To reach its conclusion, the team conducted a 16-month study in Shark Bay, Australia, an area populated by tiger sharks and dugongs, a cousin to the Florida manatee. Dugongs are strictly marine animals, whereas manatees can thrive in freshwater areas.

“Grazing animals, including turtles and dugongs, eat seagrass. Sharks eat the grazers. Grazers fear the sharks. So, when sharks are around, the grazers often avoid the area. While the grazers are away, the aquatic plants have time to grow and recover. When an extreme climate event strikes, the ecosystem must deal with a whole new set of variables that requires time to recover,” the study said.

Why Shark Bay was chosen

Shark Bay was selected because a historic heatwave had decimated much of the bay’s seagrass canopy in 2011. Recovery was slow but was aided by the seasonal presence of sharks, researchers found.

A bed of degraded seagrass, an image provided by FIU researchers who studied sharks in Shark Bay, Australia, and how they can help an ecosystem revive after natural disasters like extreme climate heat or hurricanes.
A bed of degraded seagrass, an image provided by FIU researchers who studied sharks in Shark Bay, Australia, and how they can help an ecosystem revive after natural disasters like extreme climate heat or hurricanes.

The grazers feed on shallow seagrass meadows but swim to deeper waters until sharks leave in winter. But the 2011 heatwave destroyed much of the shallow seagrass canopy, and the dugongs munched much of what was left.

Researchers wanted to know what would happen if the sharks didn’t return during the summer and the dugongs had free rein to eat up the grass.

In April and May 2013, the team placed 30 experimental plots 2 to 3 meters deep in two seagrass banks in Shark Bay. By using previous calculations of how many dugongs were around and how much they ate, researchers were able to mimic the way dugongs feed on the seagrass in the summer and what it would be like if there were no sharks around, FIU reported.

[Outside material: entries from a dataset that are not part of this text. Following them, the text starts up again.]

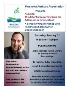 FADE IN: The Art of Screenwriting (and the Bitterness of Writing One) $20 for MAA Members; $50 for Non-Members To register, please email your contact information and e-transfer payment to info@muskokaauthors.ca. What does it really take to turn a story into a screenplay—and survive the process with your creative soul intact? Muskoka Authors Association is thrilled to welcome filmmaker and screenwriter Geordie Sabbagh for an engaging, candid, and darkly funny workshop on the art, craft, and emotional reality of screenwriting. FADE IN: The Art…
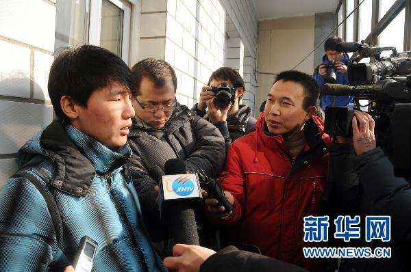 1月26日,媒体记者在庭审结束后采访在河北大学校园车祸案中死亡的陈晓凤的哥哥陈林(左一)。当日,河北大学“10·16”校园车祸案在河北省望都县人民法院公开开庭审理。 新华社记者 巩志宏 摄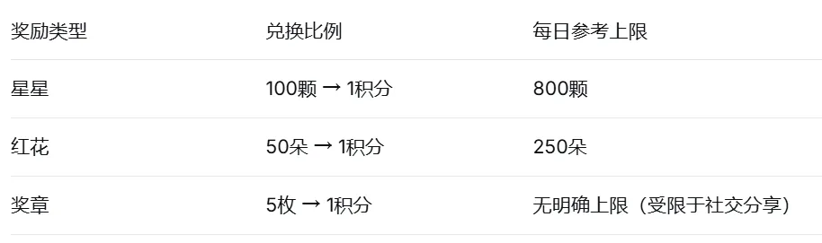 那么,星星、红花、奖章分别怎么获得?每天最多能拿多少?下面帮您全部理清。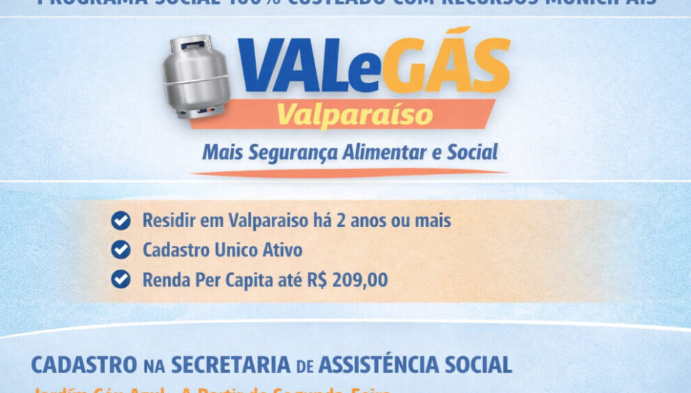 A Prefeitura de Valparaíso de Goiás publicou, nesta quinta-feira, o decreto que regulamenta o VALeGÁS, programa social criado para fortalecer a segurança alimentar e social das famílias em situação de vulnerabilidade no município. A iniciativa é uma política pública de Valparaíso, custeada integralmente com recursos municipais.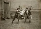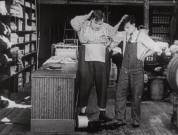 The film follows a very merry gent as he walks home after an evening out, struggles with the coat stand, engages in battle with a living room picture and struggles to get undressed for bed. Despite its stick-thin plot line, this film was just an amazing delight. The director, J H Martin (about whom I can find no more information) used every then current cinematic trick to highlight the gent’s inebriated progress. Tilting the camera from side to side, we see the drunken gent’s world sway. Stop motion footage sees him ‘slide’ up the stairs while an inverted set and at times inverted camera sees him walking on the ceiling. But more than that, the film is a surrealist treasure trove. The street lamp magically shrinks so the gent can light his cigarette from it, the coat stand turns into the embrace of a woman, crenelated battlements in the picture on his wall suddenly open fire on the gent but hastily raise the white flag when he fires back and every time the gent gets undressed he suddenly finds himself fully re-clothed. This was a film that Bunuel and Dali could have been proud of! There was even a first take on the real-person-in-the mirror sketch developed by Max Linder in Seven Years Bad Luck (Dir. Max Linder, US, 1921) and perfected by the Marx Brothers in Duck Soup (Dir. Leo McCarey, US, 1933).
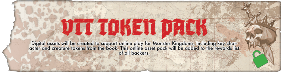 VTT TOKEN PACK - Digital assets will be created to support online play for Monster Kingdoms, including key character and creature tokens from the book. This online asset pack will be added to the rewards list of all backers.

“Their experiment left the area with no recovery time — meaning if the dugongs grazed year-round, they’d end up inadvertently destroying the critically important seagrass canopy. The research shows that when top predators are gone, not only does the structure of the ecosystem break down, but it’s also all-but-impossible for that ecosystem to stage a comeback,” FIU said in a news release.

An ecosystem in balance

“One of the reasons we did this study is because we think it’s important to be thinking about how everything is linked and sometimes those linkages are surprising,” Nowicki said in a statement. “But they show climate resilience is not something that happens on its own. It happens in conjunction with species conservation.”

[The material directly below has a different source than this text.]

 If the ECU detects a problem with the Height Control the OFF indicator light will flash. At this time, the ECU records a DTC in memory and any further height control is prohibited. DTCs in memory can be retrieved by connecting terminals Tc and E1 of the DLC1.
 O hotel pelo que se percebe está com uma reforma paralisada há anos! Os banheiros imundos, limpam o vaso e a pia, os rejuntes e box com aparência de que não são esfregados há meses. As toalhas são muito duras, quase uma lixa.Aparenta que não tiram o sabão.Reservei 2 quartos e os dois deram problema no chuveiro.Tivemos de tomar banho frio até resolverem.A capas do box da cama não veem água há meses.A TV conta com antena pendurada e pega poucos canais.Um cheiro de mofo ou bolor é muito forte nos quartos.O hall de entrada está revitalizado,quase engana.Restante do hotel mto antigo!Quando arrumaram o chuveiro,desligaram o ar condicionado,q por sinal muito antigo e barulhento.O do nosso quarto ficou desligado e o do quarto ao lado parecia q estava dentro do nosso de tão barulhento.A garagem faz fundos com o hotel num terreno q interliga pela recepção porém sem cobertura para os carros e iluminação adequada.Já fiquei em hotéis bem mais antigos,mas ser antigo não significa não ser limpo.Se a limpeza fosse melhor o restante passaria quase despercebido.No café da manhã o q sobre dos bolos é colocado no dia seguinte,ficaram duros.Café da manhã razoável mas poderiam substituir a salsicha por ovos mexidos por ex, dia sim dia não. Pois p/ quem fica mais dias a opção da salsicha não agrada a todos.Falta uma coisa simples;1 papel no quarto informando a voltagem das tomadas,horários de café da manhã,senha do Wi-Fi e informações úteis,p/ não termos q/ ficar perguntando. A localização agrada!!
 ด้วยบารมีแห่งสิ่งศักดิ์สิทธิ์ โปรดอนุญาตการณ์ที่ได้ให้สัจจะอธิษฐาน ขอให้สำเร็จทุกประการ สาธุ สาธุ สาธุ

A bed of healthy seagrass, an image provided by FIU researchers who studied sharks in Shark Bay, Australia, and how they can help an ecosystem revive after natural disasters like extreme climate heat or hurricanes.
A bed of healthy seagrass, an image provided by FIU researchers who studied sharks in Shark Bay, Australia, and how they can help an ecosystem revive after natural disasters like extreme climate heat or hurricanes.

Every ecosystem on the planet depends on a delicate balance of relationships, Heithaus added. The findings fulfill one of the study’s goals to keep the “links linked” — meaning conserving predators and prey.

“Ultimately to rein in climatic extremes that are becoming more common and intense, we know we need to cut carbon production. But that’s going to take time,” Nowicki said.

“It’s almost like we’re on a leaky boat with a hole. We need to fix the boat at some point, but in the meantime, we can grab a bucket and get the water out. That’s kind of what we’re doing here — we’re making the case that protecting predator species and keeping these species relationships can actually lead to resilience to these events. It can buy us time,” Nowicki said. “And we need as much time as we can get.”